What to produce — In the data below, set down exactly the lines from the one containing "Βαθμολογία Euroleague σε 24 αγωνιστικές" up to and including the one containing "2019年中考九年级化学必刷题考点28 金属的化学性质和活动性(解析版)". Leave the pictures out.

Raw data —
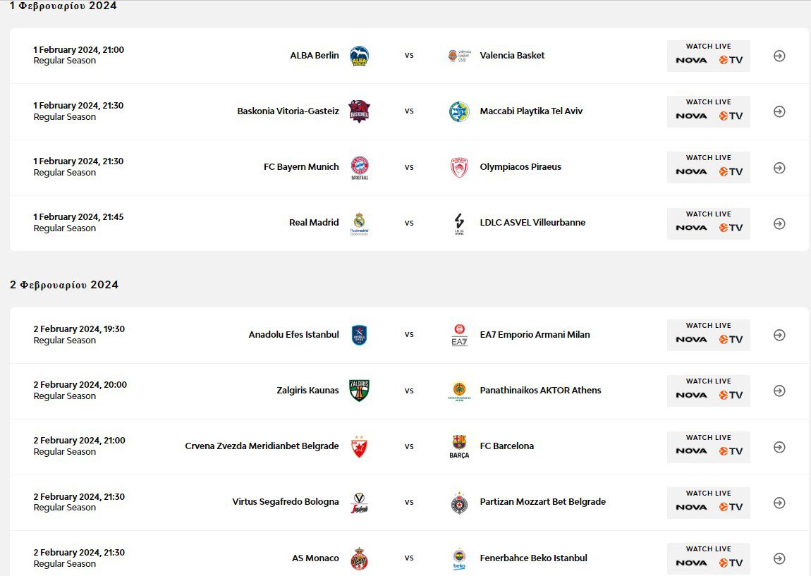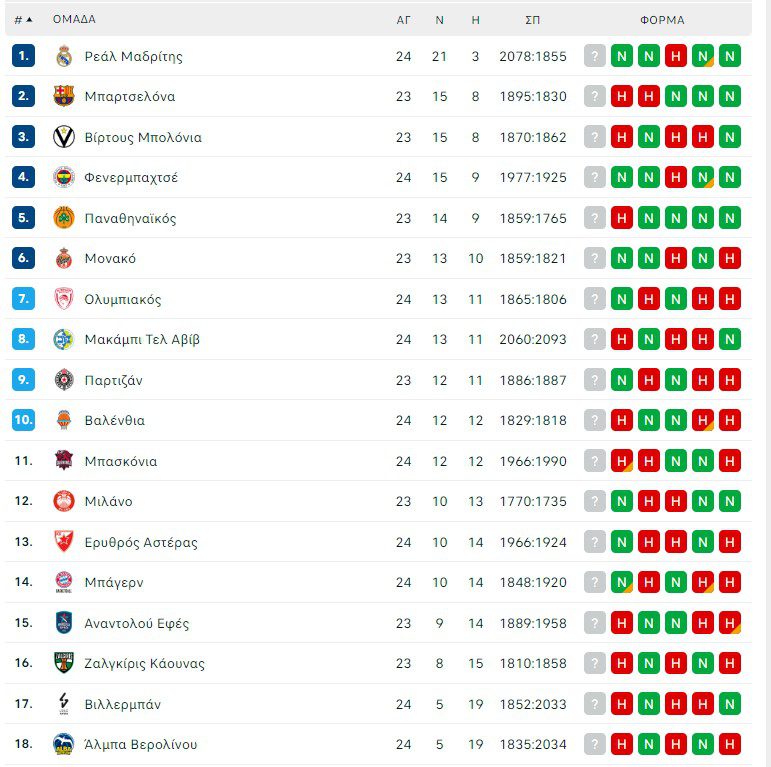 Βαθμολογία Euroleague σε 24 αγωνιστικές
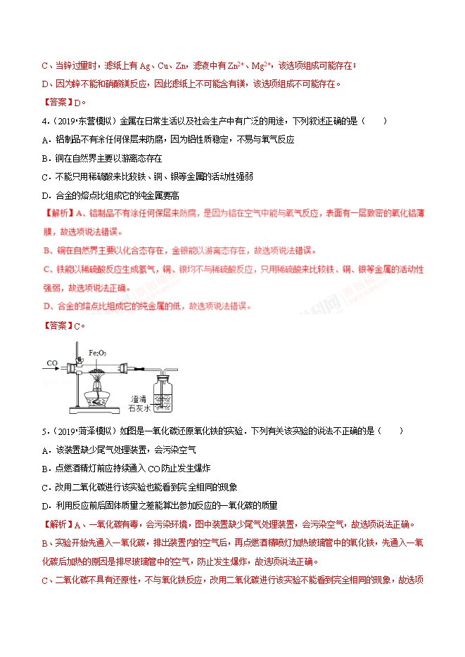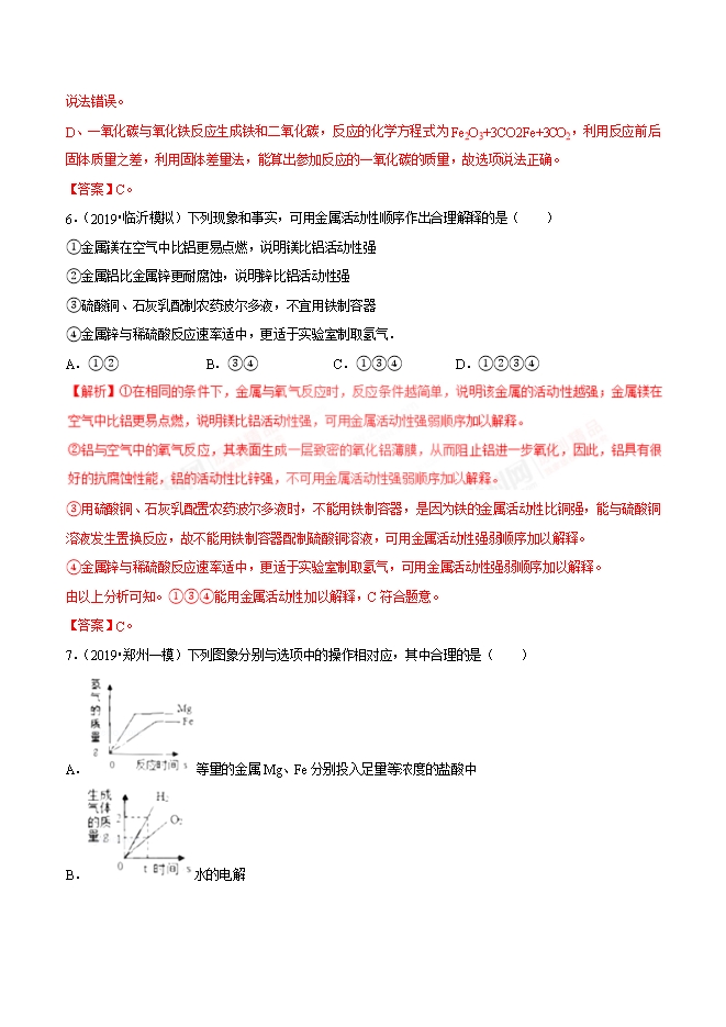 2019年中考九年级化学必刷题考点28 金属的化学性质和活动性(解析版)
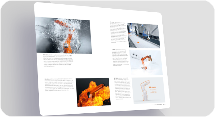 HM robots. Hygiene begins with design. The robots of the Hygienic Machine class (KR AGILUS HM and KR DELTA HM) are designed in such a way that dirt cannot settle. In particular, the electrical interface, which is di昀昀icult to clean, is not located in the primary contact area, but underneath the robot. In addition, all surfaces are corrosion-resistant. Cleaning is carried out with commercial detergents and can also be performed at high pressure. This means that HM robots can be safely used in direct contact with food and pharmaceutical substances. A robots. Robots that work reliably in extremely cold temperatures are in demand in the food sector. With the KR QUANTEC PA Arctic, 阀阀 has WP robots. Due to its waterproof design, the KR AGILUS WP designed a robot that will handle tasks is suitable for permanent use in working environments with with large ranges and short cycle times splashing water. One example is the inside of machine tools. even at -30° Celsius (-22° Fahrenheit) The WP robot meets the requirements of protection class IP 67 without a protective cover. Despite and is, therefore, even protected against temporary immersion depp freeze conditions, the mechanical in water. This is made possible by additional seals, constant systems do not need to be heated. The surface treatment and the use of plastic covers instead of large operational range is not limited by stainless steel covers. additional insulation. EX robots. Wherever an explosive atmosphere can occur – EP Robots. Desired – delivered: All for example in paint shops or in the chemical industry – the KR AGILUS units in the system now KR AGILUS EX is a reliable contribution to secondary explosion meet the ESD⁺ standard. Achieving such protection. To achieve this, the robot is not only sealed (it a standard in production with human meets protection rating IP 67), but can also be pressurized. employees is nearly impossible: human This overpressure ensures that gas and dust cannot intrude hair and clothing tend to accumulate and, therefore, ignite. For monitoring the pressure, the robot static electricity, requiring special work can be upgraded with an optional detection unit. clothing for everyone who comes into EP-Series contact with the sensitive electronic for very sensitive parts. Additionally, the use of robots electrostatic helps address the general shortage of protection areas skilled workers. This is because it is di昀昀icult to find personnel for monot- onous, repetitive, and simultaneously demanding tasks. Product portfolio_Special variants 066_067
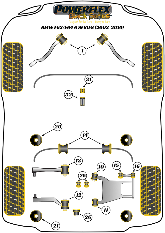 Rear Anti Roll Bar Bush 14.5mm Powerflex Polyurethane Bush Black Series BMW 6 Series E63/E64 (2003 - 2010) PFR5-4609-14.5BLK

---

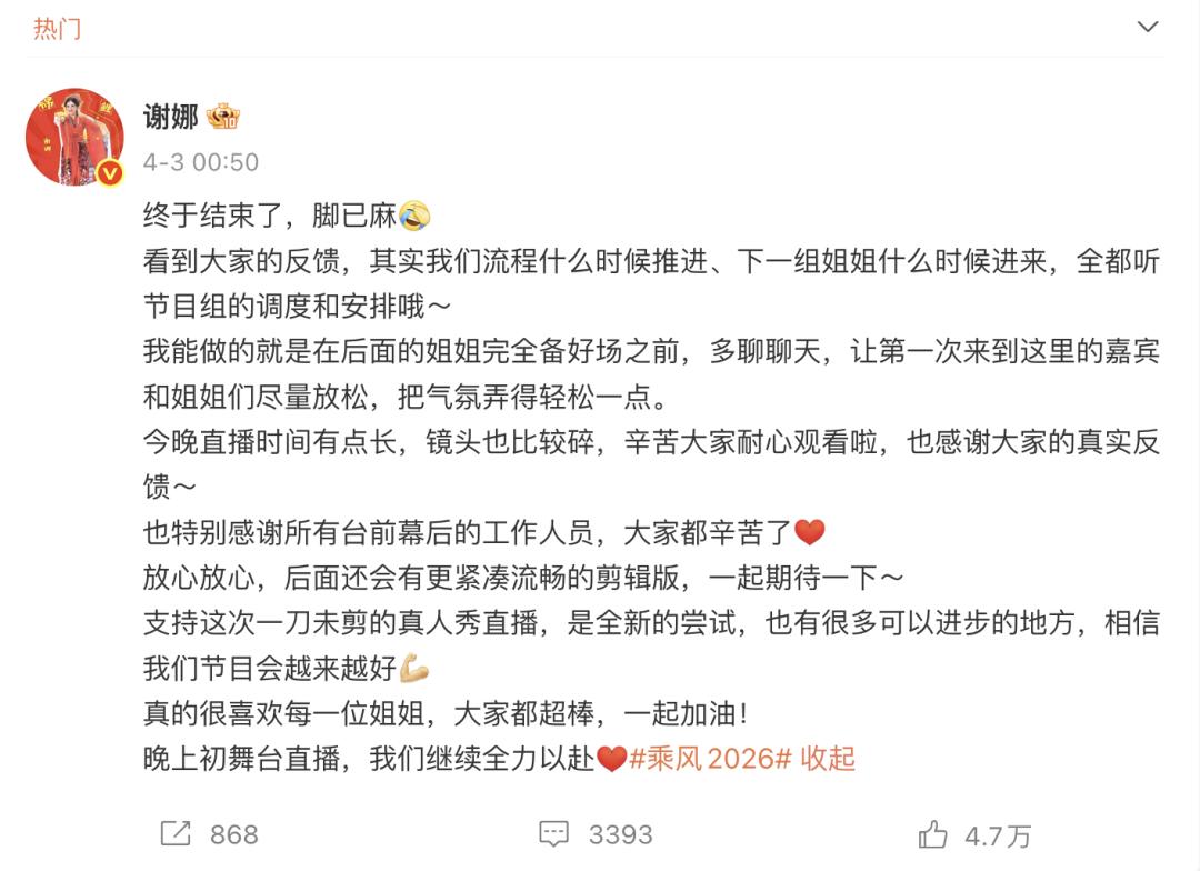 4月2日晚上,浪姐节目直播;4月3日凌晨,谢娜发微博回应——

Answer to this task —
 Βαθμολογία Euroleague σε 24 αγωνιστικές
 2019年中考九年级化学必刷题考点28 金属的化学性质和活动性(解析版)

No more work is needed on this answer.